Since its emergence at the end of 2019, the novel SARS-CoV-2 coronavirus has spread into the far corners of the world, taking the lives of young and old, rich and poor.
At the end of March 2020, over 40,000 people had died from the virus. By early September, the total number of confirmed deaths worldwide from the novel coronavirus SARS-CoV-2 exceeded 850,000.
Exact numbers vary by a few thousand deaths, depending on the source. Tools such as those produced by Johns Hopkins University break down COVID-19 statistics on regular basis, which although precise, are only as accurate as the methods used to collect the data.
Estimates calculated by bodies such as the World Health Organisation are typically based on tallying medical evaluations that link a positive SARS-CoV-2 test with complications believed to be responsible for a cause of death.
Given limited testing capabilities around the world, underreporting and time lags of regional statistics, as well as the probability of complications going undiagnosed (especially early in the pandemic), the true count is likely to be much higher.
How do we know when someone has died from COVID-19?
The simple answer is we don't know for sure, though it's likely to be far higher than reported estimates.
Unlike the 'manner of death', which distinguishes natural deaths like illness from suicide or homicide, a 'cause of death' ascribes a catalogued illness or chain of events to a person's loss of life.
In many jurisdictions around the world, a cause of death is determined by a pathology expert, who assigns a code from the International Classification of Diseases to allow for easier reporting to international authorities.
This might be straightforward in some cases where a patient with a positive blood result for SARS-CoV-2 has few (if any) pre-existing conditions.
Among patients already dealing with illnesses such as cancer, asthma, diabetes, or chronic obstructive pulmonary disease, the medical events leading to their death are likely to be more complicated.

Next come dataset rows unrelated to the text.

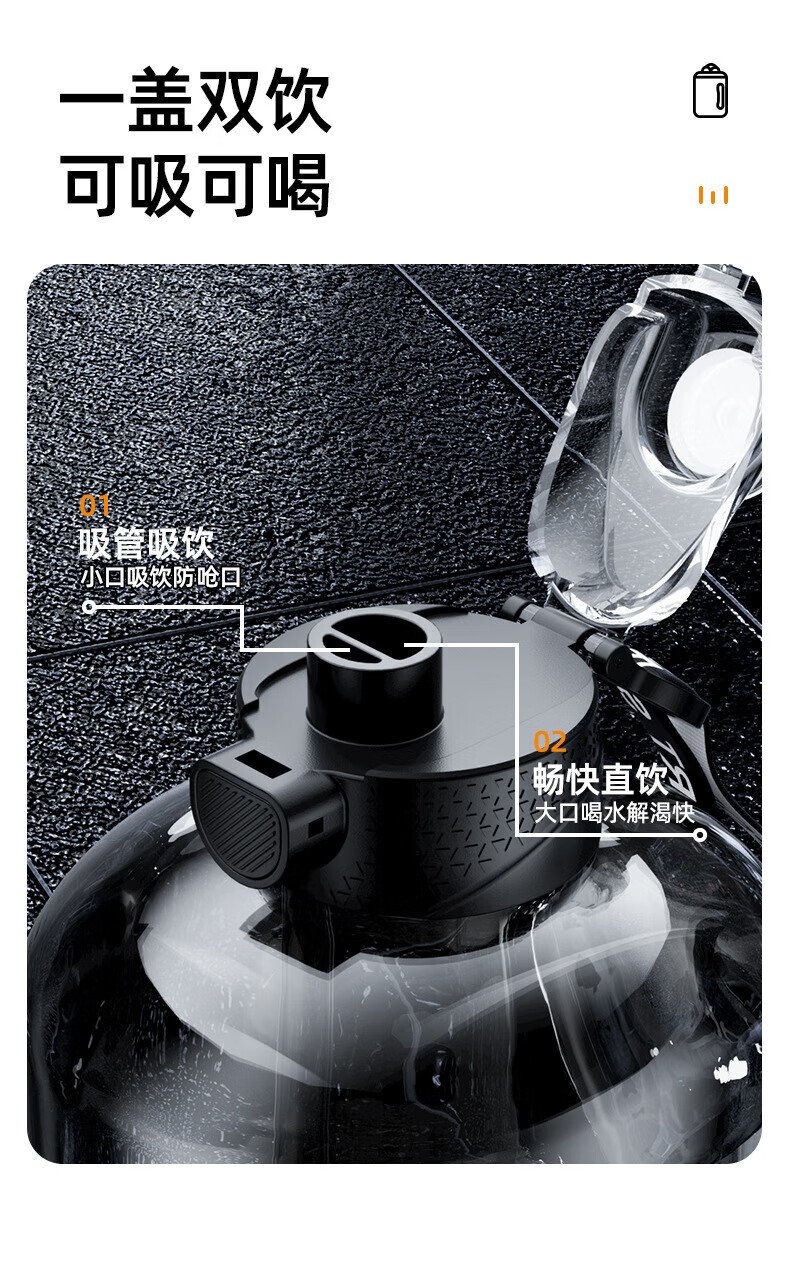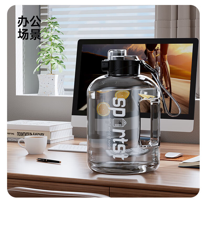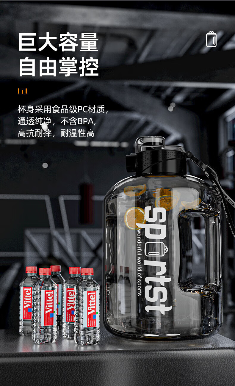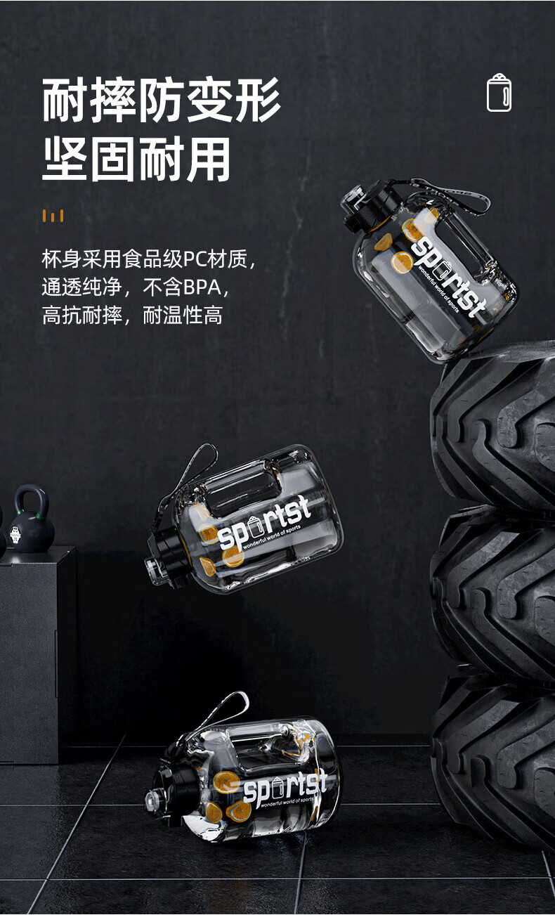 Jingdie Ton Bucket Fitness Sports Water Cup Large Capacity Kettle Cup Big Belly High Temperature Resistant Men's Space Dayton 2000ml ST Black Straw + Leather Case 4L 4000ml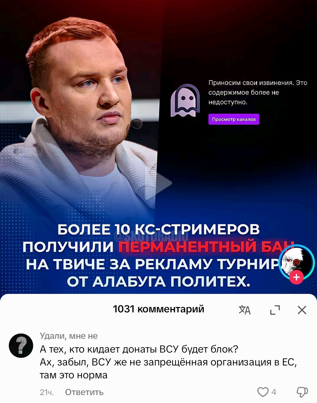 Бран Врублевський 26.04.26 Sun 10:39:40 № 503282 3 Мелочь а приятно.На твиче перебанили всех рекламщиком алабуги.Охуевшие пятаки рекламили свой террористической ВПК на американской площадке где-то год, и только сейчас в твич это заметил.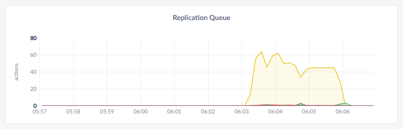 첫 번째 시험과 같이, 복제가 정상적으로 이루어지게 되면, 아래와 같이 노란색 Pending Action 그래프나 Replica를 지웠거나 만든 그래프가 나타나게 되는 것과는 다른 결과다.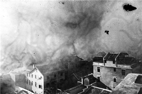 △1939年9月,日軍轟炸長沙,市區燃起大火。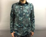 新作手作り長袖和柄シャツ(型染四季花文様)濃紺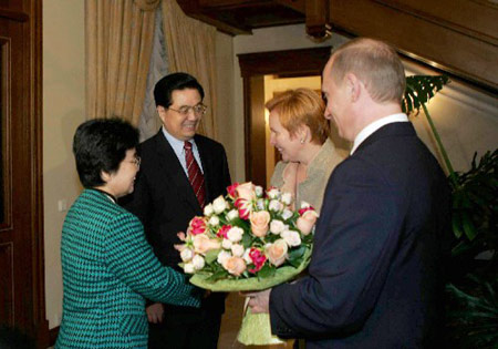 普京表示,非常高興時隔一個多月再次在莫斯科歡迎友好鄰邦中國的領(lǐng)導(dǎo)人胡主席。俄羅斯高度重視發(fā)展同中國的戰(zhàn)略協(xié)作伙伴關(guān)系,兩國在政治、經(jīng)濟(jì)等領(lǐng)域的合作取得了很大發(fā)展。今年兩國還將舉行首次軍事演習(xí)。胡主席此次重要訪問必將有力地推動俄中關(guān)系進(jìn)一步向前發(fā)展。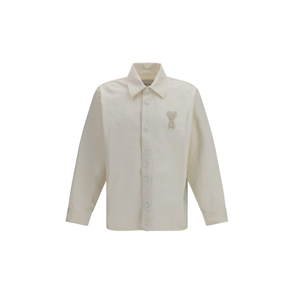 The Ami de Coeur denim Jacket by Ami Paris combines casual style with distinctive details. Crafted from denim, it features white denim-style snap buttons and tone-on-tone stitching that enhance its design. The off-white crocheted Ami de Coeur appliqué stands out on the chest, an iconic element that elegantly defines the piece.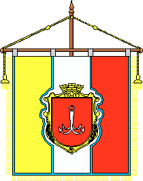 The modern emblem (little) The small emblem of Odesa is used without cartouche and crown, but with a azure-or bordering on perimeter of a board.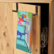 This Retro Classic Television Kitchen Towel takes you back to a simpler time. The 1960's style, minimalist, cartoon drawing will have you looking for the opening credits. The design shows a mid century modern, sunken, living room with teal and turquoise walls and a red, cone shaped fireplace, complete with a roaring fire. All eyes are on the lanky, man of the house as he makes his grand entrance. The handsome Mister is wearing a blue suit and orange tie. His lovely Mrs. and energetic, young son are rushing to greet him. The lady of the house is wearing a hot pink, sheath dress, which she fills out in all the right places. The flip in her dark hair is sheer perfection. Junior is wearing a red shirt and blue jeans for his dash to see if his father has brought him anything. Whoa! Don't knock over the potted plant, Junior! On the lower level, we can see a green couch and an orange coffee table. Wait! We appear to have guests! Seated on the couch are a dark haired man in a blue suit and red tie, alongside a shapely blonde woman in a red dress with a red bow in her hair. Hey! It's Dad's coworkers. How did they get there first? It's one of the eternal mysteries of television. It looks like we're all set for a great evening in sitcom suburbia. But, first, we have to see if Dad is going to trip over the orange ottoman or sidestep it with some fancy footwork. Oh, the zaniness! The only thing missing from this scene is the theme song. And, if you listen closely, you can probably hear it in your mind.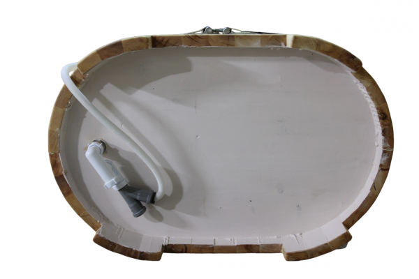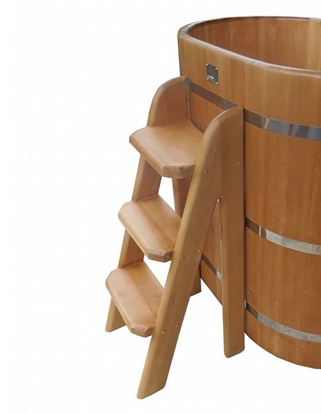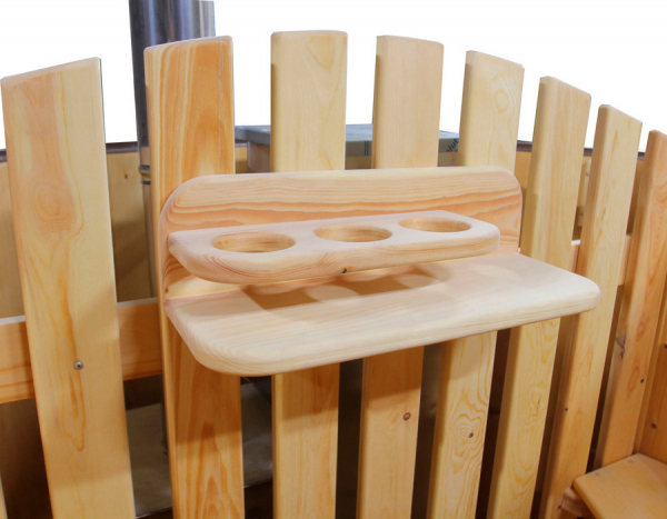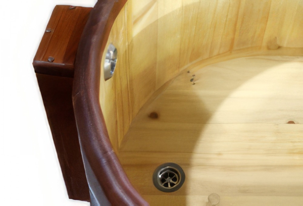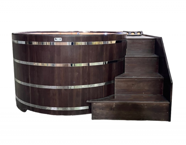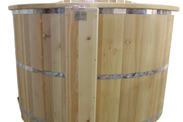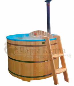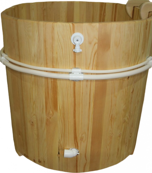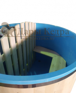 Это уличная подогреваемая купель с круглой внутренней чашей из термопластика. Для удобства пользования купель оборудована лавочками, приставной и внутренней лестницей. Нагрев воды происходит за счет встроенной печи, которая находится внутри купели за перегородкой. В комплектацию этой модели входит савок с длинной ручкой, который позволяет извлекать угли после эксплуатации изделия. Термопластик устойчив к воздействию температур, облегчает уход за купелью и увеличивает срок ее службы.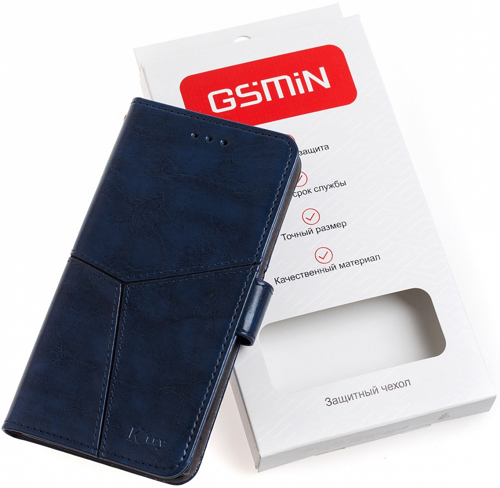 Кожаный чехол-книжка GSMIN Series Ktry для Apple iPhone XR с магнитной застежкой (Синий)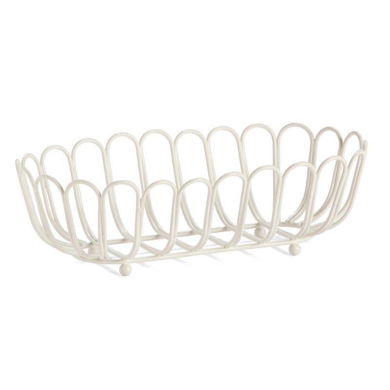Frutero de metal blanco con diseño elegante y moderno, ideal para servir frutas, pan o dulces en la mesa. Su estructura de arcos interconectados y forma ovalada aporta un toque decorativo a cualquier cocina o comedor. Fabricado en metal resistente, es fácil de limpiar y perfecto para uso diario en hogares o restaurantes.

In such cases a pathology official would need to determine if the patient could have lived longer, were it not for the additional health impact of their coronavirus infection.
How would we determine an accurate number of COVID-19 deaths?
One method for estimating a more accurate total mortality for COVID-19 is to compare the total number of deaths for all causes during the pandemic with relevant statistics from a similar period in previous years.
For example, by the end of July 2020, within a sample of 32 countries and 4 major cities, roughly 413,000 deaths were officially attributed to COVID-19.
Statistics on death rates for those regions, however, found this period contained nearly 600,000 more deaths than typical for months corresponding to the pandemic. This implys nearly 200,000 deaths weren't being accounted for by the reports.
How many of these might be 'missed' COVID-19 deaths is impossible to say. The pandemic has had other knock-on effects that impact health, such as interruptions to income and public services, reduced exercise, and reduced hospital admissions for conditions such as heart attacks. On the other hand, social distancing measures and improved hygiene has reduced the spread of other deadly illnesses.
Finding a balance in the numbers will take time. It's possible we might never know exactly how many people would be alive if not for the global spread of SARS-CoV-2. In all likelihood, we are underestimating the number of people no longer alive as a consequence of the pandemic.
The real death toll is likely to be far higher than the official one.